### Work task
The output should be the listing below, limited to the lines from the one with "Solved If a" through the one with "Glow 3 by Lamice", exact and without pictures.

*** Opening Records ***

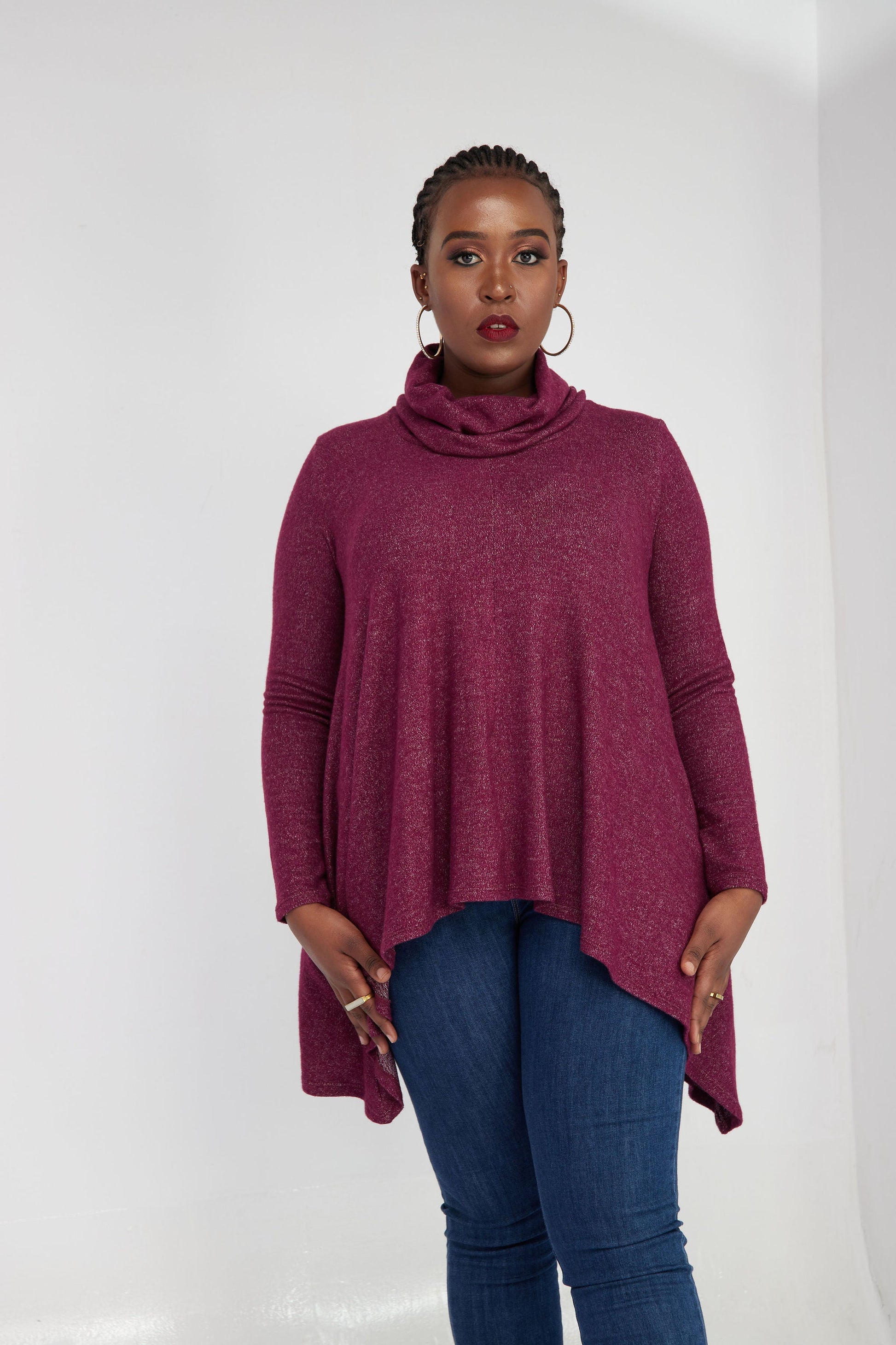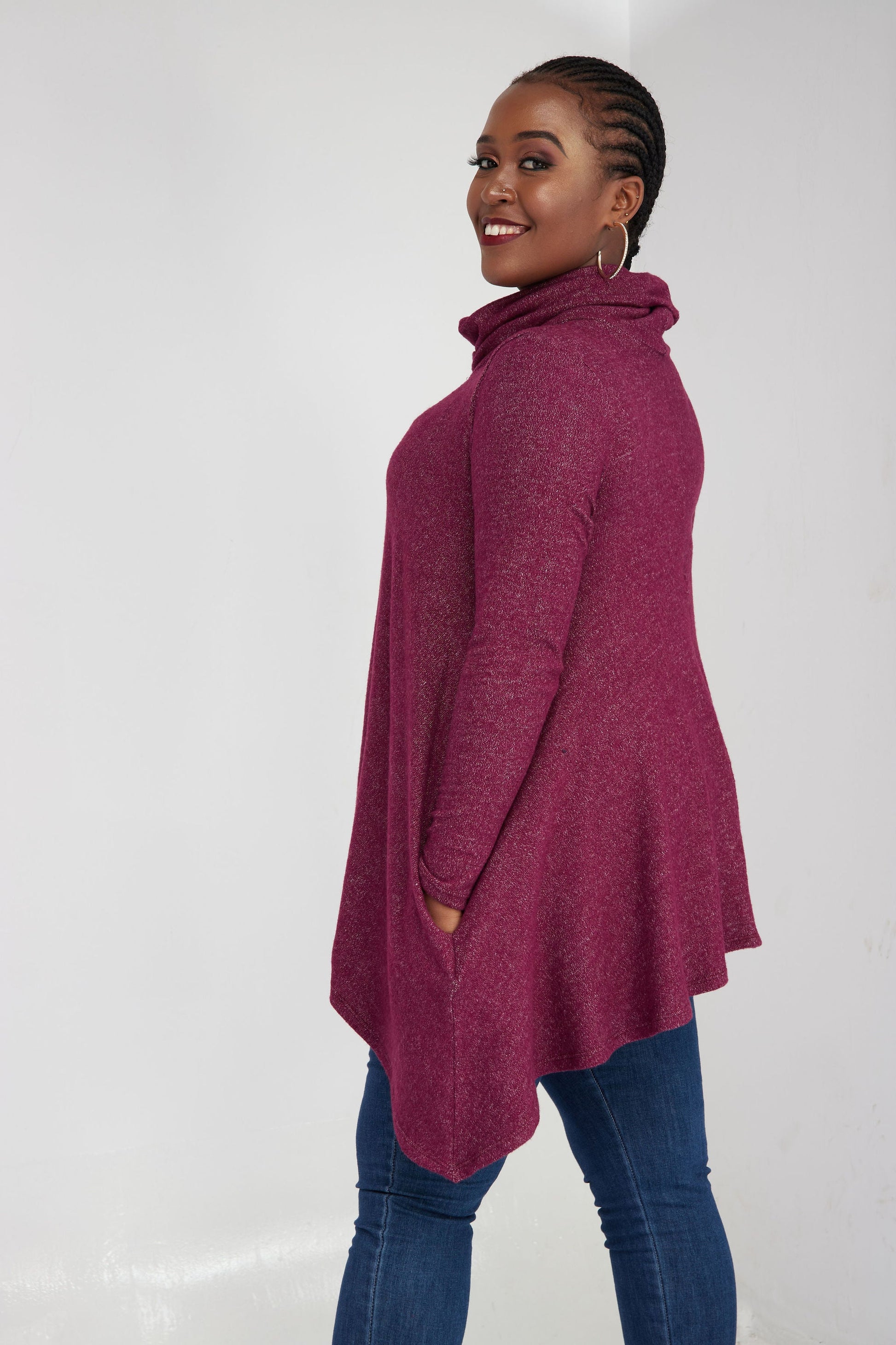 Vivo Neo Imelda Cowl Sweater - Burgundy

*** Closing Records ***
*** Opening Records ***

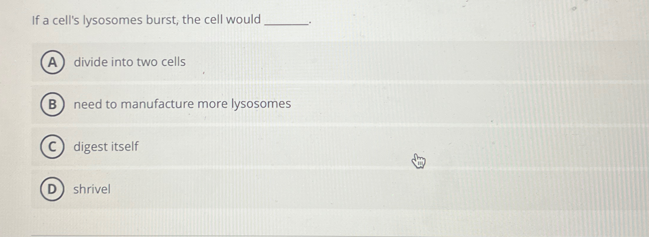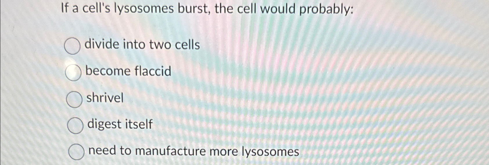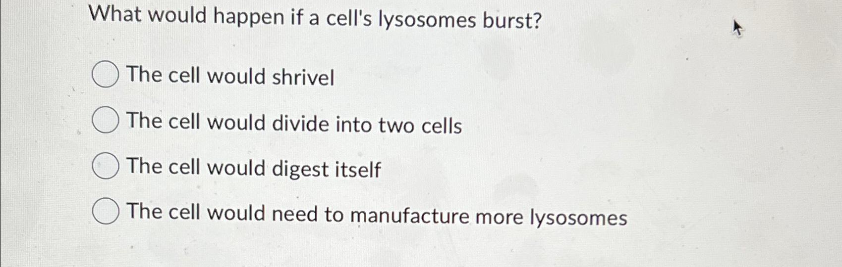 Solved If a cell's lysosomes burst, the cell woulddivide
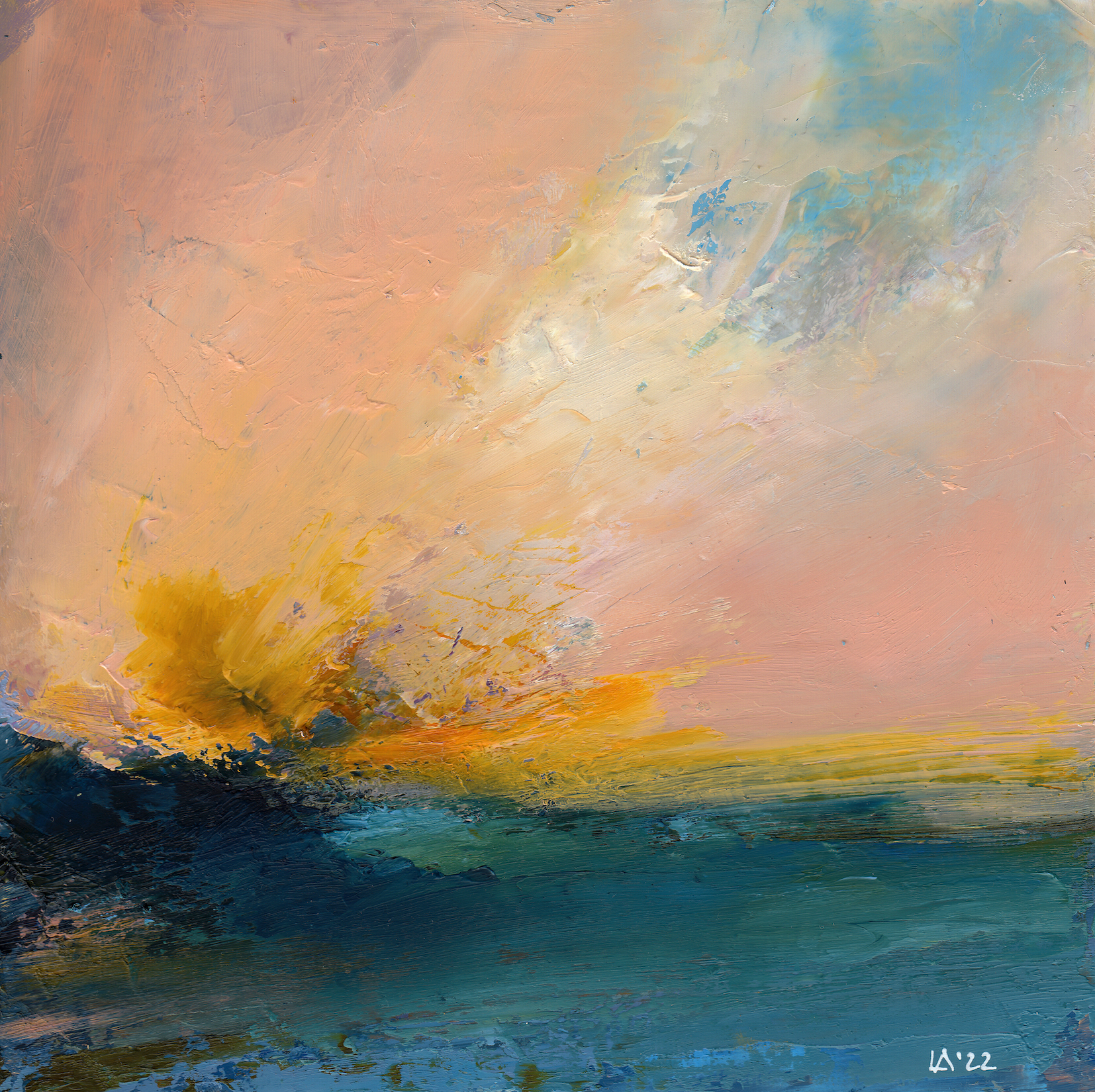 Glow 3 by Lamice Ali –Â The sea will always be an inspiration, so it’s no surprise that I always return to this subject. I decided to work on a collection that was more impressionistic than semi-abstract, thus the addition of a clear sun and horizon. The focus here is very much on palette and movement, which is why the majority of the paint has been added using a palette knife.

*** Closing Records ***

### Solved problem
 Solved If a cell's lysosomes burst, the cell woulddivide
 Glow 3 by Lamice Ali –Â The sea will always be an inspiration, so it’s no surprise that I always return to this subject. I decided to work on a collection that was more impressionistic than semi-abstract, thus the addition of a clear sun and horizon. The focus here is very much on palette and movement, which is why the majority of the paint has been added using a palette knife.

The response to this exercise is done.